気がつけば周りを走る人たちの数が随分減っている。時計は5分30秒台をキープしているのだが、後ろからも抜かれるし、前のランナーもドンドン遠くなるような、自分のペースが落ちているような感じだ。全体の流れがはやいのかもしれない。雲行きは怪しく、また降りそうだ。

それまで空っぽだった沿道も、21キロ地点には固まった50名くらいの応援がありひさしぶりに引き締まった感触で前を見直すと、船長がいる。作戦通りスペシャルドリンクを口にし、りんごとオレンジと黒砂糖と梅干を手にする。「いいペースだよ!」そう言ってもらってはじめていいペースなんだと自信が足に伝わる。僕も「いける」と応える。フルマラソンで梅干はいいと何度も聞いていたが口にしたのは初めて、確かに「ビシッ」とインパクトを与えて、その後「ジワジワ」と疲れていた体が力を取り戻していく、梅干に秘められた力を感じる。直後のラップは5分19秒、ちょっと上がりすぎだなと抑えるが、いい感じ、快調だ。

その後、30過ぎまでの間、唯一走ったことのない、つらつらと長い区間に入る。クロスカントリーのような軽いのぼりとくだりを二度ほど繰り返す狭いコースを数人が重なって走る。23、24と距離を刻みながら、さっきまで違和感程度だった左足が徐々に重くなり、はねる感覚を失い、「前へ」という気持ちと力がかみ合わなくなる。時計は5分29秒でも体調はそれ程快調でもなく、5分40秒を超えていないものの、もうそれ以上ペースが上がりそうもない体と照らし合わせると、徐々に残りが長いなと感じるようになる。

太陽が眩しくなり、ペースも一キロ5分50秒台に下がり始める。後方から二人の女性が「今どれくらい?」「30秒台かな、もしかしたら27秒台かも」「うっそ~」と元気そうに言葉を交わしながら抜いていく。
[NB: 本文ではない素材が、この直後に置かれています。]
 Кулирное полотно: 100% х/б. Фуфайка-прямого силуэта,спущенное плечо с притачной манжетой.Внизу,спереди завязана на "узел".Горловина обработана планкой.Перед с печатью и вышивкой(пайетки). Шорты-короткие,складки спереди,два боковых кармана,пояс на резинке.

二人の「ふくらはぎ」は確かに「5分30秒台!」というエネルギーに満ちていて、そのはじけるような動きを見て、初めて他のランナーの体調が羨ましいと感じると、自分のペースが上がらないことが気になり始める。

隣の男性ランナーが突然「俺、吐きたい」と口にして、仲間だろうか別の男性が「ここじゃない、まだ」と声をかける。僕も心の中で「ここじゃない」と繰り返すが、左側にぴたりと並んでいて、嫌だなと思うもののペースが上がらないし、これ以上落としたくないと思うと自然とぴたりと並んでしまう。すぐ後ろを走っている男性二人がずっとしゃべり続けていて、どうも気になって仕方なくなる。走っているのにベラベラとよくしゃべれるな、それにしてもうるさい。
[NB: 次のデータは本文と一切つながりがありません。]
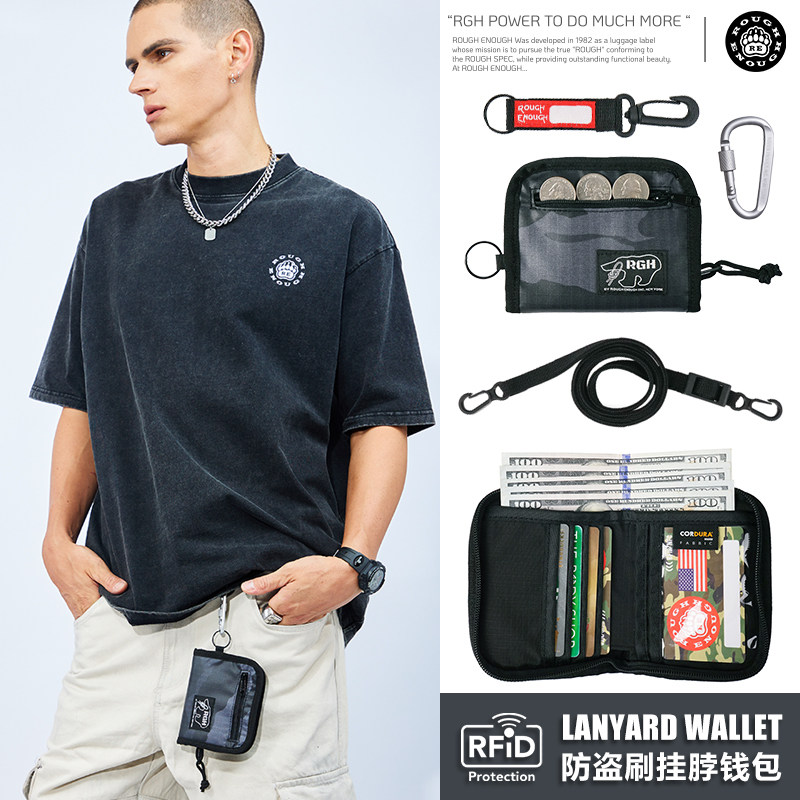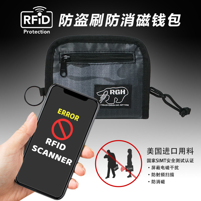 RGH 防盗刷防水钱包男短款拉链零钱包学生卡包一体小挂包潮牌新款
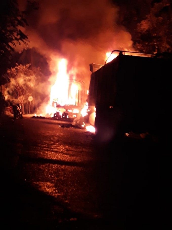 Según se pudo conocer, hubo una alteración al orden público que derivó en el inicio al fuego a estos dos camiones, que transitaban por el sector de Crucesitas.

28、29といつもの馴染みの練習コースに入っていくが相変わらず体の切れがない。30キロ地点ではじめて6分台を示す、船長が待っている31キロ地点での気分とエネルギーの挽回を期待しながら歩を進めるがドンドン重くなる。瞬間的に船長に「梅干だけ」と梅干の持つ力に頼る事にする。オレンジやりんごを噛むことでエネルギーを失いたくない、口に含むだけですぐに効果を発揮できるものがいい。梅干を手にして、船長に「きびしい~」と思わず発してしまう。去年はなんともなかった「こんなのありかよ」という急な角度の橋はまさに「ありかよ~」と叫びたい。梅干は酸味さえ残さず、そのまま疲労を打ち破ることなく無情にも消えていった。その後、32、33と一キロを刻む看板が見える感覚も長くなり、「二回目のフルマラソンは70%がゴールにたどり着けないんだって」と言っていたモティの声を思い出す。「コース見たか?32から37までの海沿いの区間がアップダウンもあってつらそうだよな」とも言っていた。その区間は昨年も35キロから37地点で、海の真横のコースを走るので僕は思わず「ブラボー!」と胸で叫んだ場所だ。「眺めがいいから乗り切れるさ」とモティを励ましたが、33から34、そして35と数字が増えるのだけを何とか確認するのが精一杯で、目の前の海を見る余力はなく、重いな、動かないな、と思いながら手と足を動かす。36キロ地点で水が足にかかり、そのしぶきが一瞬だけ足に元気を取り戻したけど、それも本当に一瞬で、37キロ辺りから突然ゴールが遠くなった。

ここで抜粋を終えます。